── Material supplied

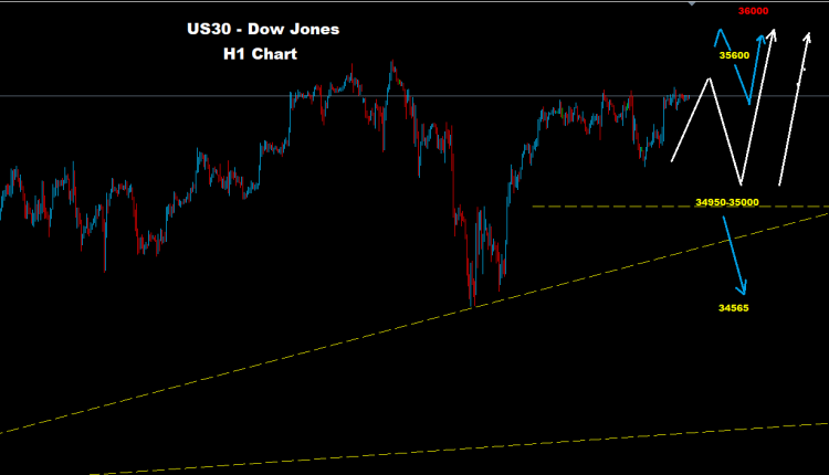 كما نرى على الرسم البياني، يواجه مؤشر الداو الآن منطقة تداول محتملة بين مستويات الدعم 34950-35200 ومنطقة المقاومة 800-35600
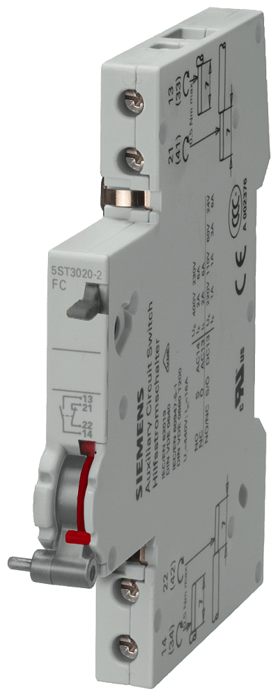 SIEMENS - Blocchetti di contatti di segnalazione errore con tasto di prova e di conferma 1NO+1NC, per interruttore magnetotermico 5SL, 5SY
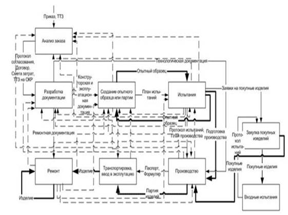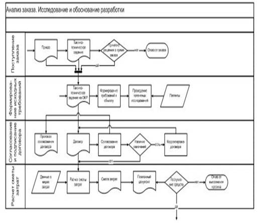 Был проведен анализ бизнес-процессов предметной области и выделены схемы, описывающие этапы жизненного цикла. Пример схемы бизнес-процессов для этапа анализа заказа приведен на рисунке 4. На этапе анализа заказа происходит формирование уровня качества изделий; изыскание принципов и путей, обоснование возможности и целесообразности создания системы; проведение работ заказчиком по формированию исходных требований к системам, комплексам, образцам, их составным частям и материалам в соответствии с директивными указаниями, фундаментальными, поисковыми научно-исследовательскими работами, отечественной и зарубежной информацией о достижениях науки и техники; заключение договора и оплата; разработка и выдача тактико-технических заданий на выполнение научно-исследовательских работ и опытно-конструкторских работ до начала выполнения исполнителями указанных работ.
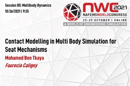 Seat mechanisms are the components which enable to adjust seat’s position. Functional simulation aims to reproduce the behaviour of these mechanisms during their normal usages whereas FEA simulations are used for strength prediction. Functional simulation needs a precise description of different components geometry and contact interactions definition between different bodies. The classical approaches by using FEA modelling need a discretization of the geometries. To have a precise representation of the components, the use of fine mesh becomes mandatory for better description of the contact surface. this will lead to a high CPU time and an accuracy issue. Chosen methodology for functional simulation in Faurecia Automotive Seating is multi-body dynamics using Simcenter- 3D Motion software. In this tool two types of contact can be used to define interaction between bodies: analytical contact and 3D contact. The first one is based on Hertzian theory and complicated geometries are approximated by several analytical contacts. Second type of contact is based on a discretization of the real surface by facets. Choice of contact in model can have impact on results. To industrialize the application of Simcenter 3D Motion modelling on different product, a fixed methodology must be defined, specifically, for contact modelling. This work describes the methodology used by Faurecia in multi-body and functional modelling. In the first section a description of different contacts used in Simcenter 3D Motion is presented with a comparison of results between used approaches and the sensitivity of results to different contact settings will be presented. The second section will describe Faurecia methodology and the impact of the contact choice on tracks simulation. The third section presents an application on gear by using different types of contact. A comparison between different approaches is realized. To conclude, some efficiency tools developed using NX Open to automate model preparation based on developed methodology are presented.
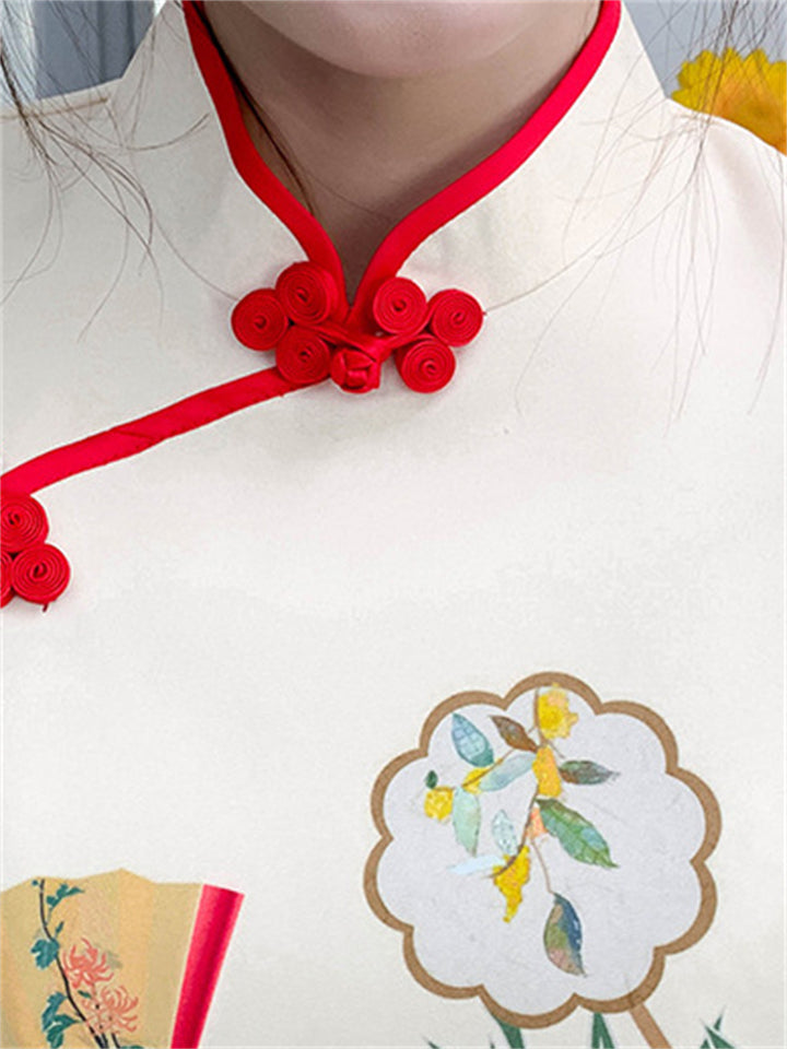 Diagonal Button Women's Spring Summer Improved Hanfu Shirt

────

- [Exercise requirements]
Copy out nothing but the lines from the beginning of the records through the one that contains "Был проведен анализ". Skip the pictures.

- [Solution for this problem]
 كما نرى على الرسم البياني، يواجه مؤشر الداو الآن منطقة تداول محتملة بين مستويات الدعم 34950-35200 ومنطقة المقاومة 800-35600
 SIEMENS - Blocchetti di contatti di segnalazione errore con tasto di prova e di conferma 1NO+1NC, per interruttore magnetotermico 5SL, 5SY
 Был проведен анализ бизнес-процессов предметной области и выделены схемы, описывающие этапы жизненного цикла. Пример схемы бизнес-процессов для этапа анализа заказа приведен на рисунке 4. На этапе анализа заказа происходит формирование уровня качества изделий; изыскание принципов и путей, обоснование возможности и целесообразности создания системы; проведение работ заказчиком по формированию исходных требований к системам, комплексам, образцам, их составным частям и материалам в соответствии с директивными указаниями, фундаментальными, поисковыми научно-исследовательскими работами, отечественной и зарубежной информацией о достижениях науки и техники; заключение договора и оплата; разработка и выдача тактико-технических заданий на выполнение научно-исследовательских работ и опытно-конструкторских работ до начала выполнения исполнителями указанных работ.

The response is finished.